For I(s) traces with long plateaus (sb=0.9 nm), Fig. 3a,b, the two event classes appear as distinct clusters in the polar plot and separation is trivial (either based on ΔX or θ). Under these conditions, a 1D current histogram also provides the plateau current Ip and hence the molecular conductance, cf. Supplementary Fig. 9. Once we allow for some variation around the mean break-off distance (0.9±0.1 nm), Fig. 3b,e, the plateau-containing cluster spreads out, in terms of both ΔX and θ, but is still well-separated from the exponential traces in the polar plot. On the other hand, in the 1D current histogram for shorter plateau lengths differentiation becomes increasingly difficult, and essentially impossible for very short plateaus (sb=0.35 nm), cf. Fig. 3c,f and Supplementary Fig. 9.
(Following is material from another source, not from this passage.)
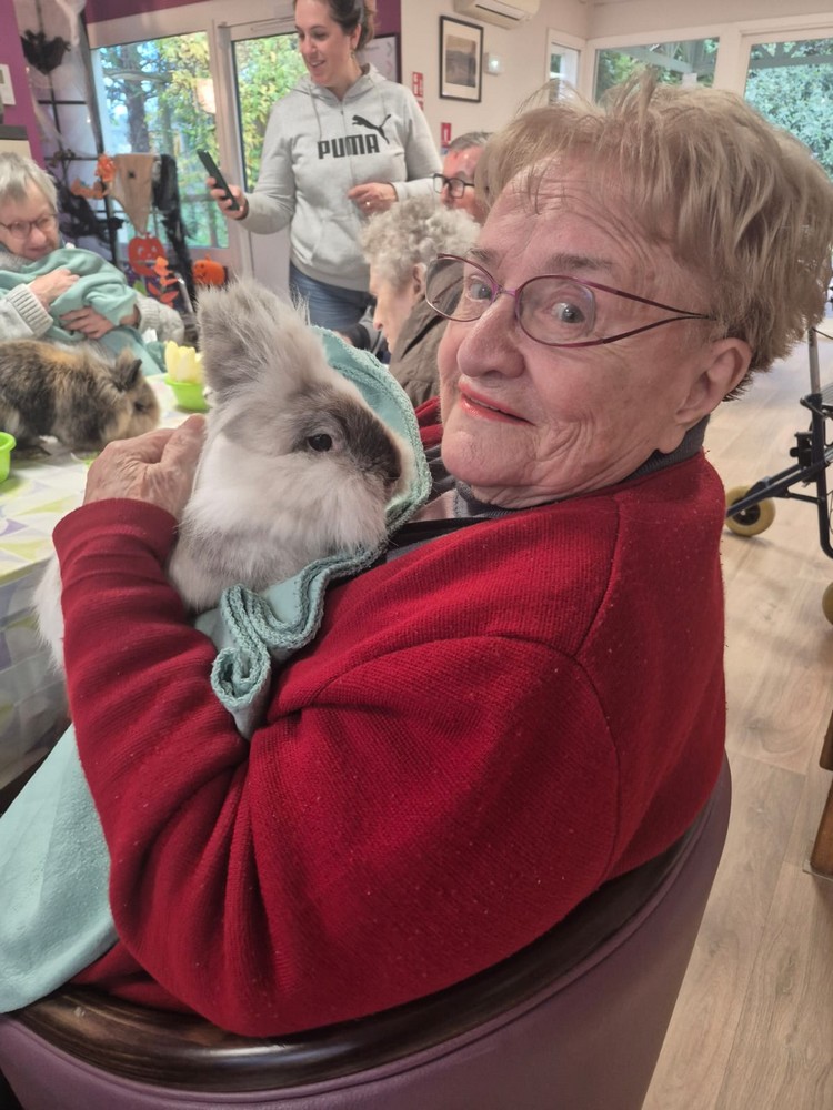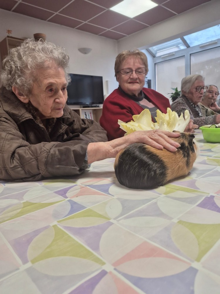 Les résidents ont eu la joie de partager un moment autour d’un rendez-vous très attendu : la médiation animale.

In the polar plot, the individual event clusters strongly overlap in the ΔX, θ dimensions, but can be clearly differentiated via hr, as illustrated in Fig. 3g).

Subsequently, we investigated the ability of the vector-based method to differentiate sub-populations in the data. For this purpose, we generated 1000 I(s) traces of simulated data consisting of 40% exponential decays and 20% each of simple plateaus, and plateaus with superimposed sinusoidal and telegraphic noise features (additional current noise: 0.2 nA in all cases), Fig. 4a. While the exponential decays and plain plateaus stand for through-space tunnelling and conventional molecular bridging events (see above), the sine-shaped event is a proxy for non-linear event shapes, as reported previously12,23,22. Telegraphic noise features have also been observed previously in I(s) experiments and are typically thought to be associated with dynamic effects in the junction11,18,21. A polar plot showing the point density as well as the 1D current histogram are included in Supplementary Figs 10 and 11.

Figure 4: Vector-based analysis on different plateau shapes.
figure 4

(a) Simulated I(s) traces with plain (red), telegraphic (magenta), sine-shaped (green) event features, as well as exponentially decaying traces (blue). Inset: enlarged section of telegraphic switching with dotted lines indicating the ‘on’ and ‘off’ states. (b) All-data 2D current histogram (Current binning: 150 bins/decade, distance bin width: 0.004 nm for all 2D histograms). (c) Polar plot of whole data set. (d) ΔX-histogram (bin width: 9 × 10−7). (e) ΔX-histogram (bin width: 5 × 10−5) Dashed lines represent 2 σ cutoffs, grey bars indicate counts outside the cutoffs. (f) θ histogram (Bin width: 0.3°) (g) hr histogram (Bin width: 8.5 × 10−3) (hk) 2D current histograms for each event cluster after separation.

Such scenarios would normally be analysed using 2D current–distance histograms, since different event shapes become apparent, as long as the S/N ratio is sufficiently high. As shown in Fig. 4b, this is indeed the case, at least to some extent (note the logarithmic scale on the ordinate). However, without separating the individual traces, it would be difficult to extract the actual event characteristics or assess the relative abundance.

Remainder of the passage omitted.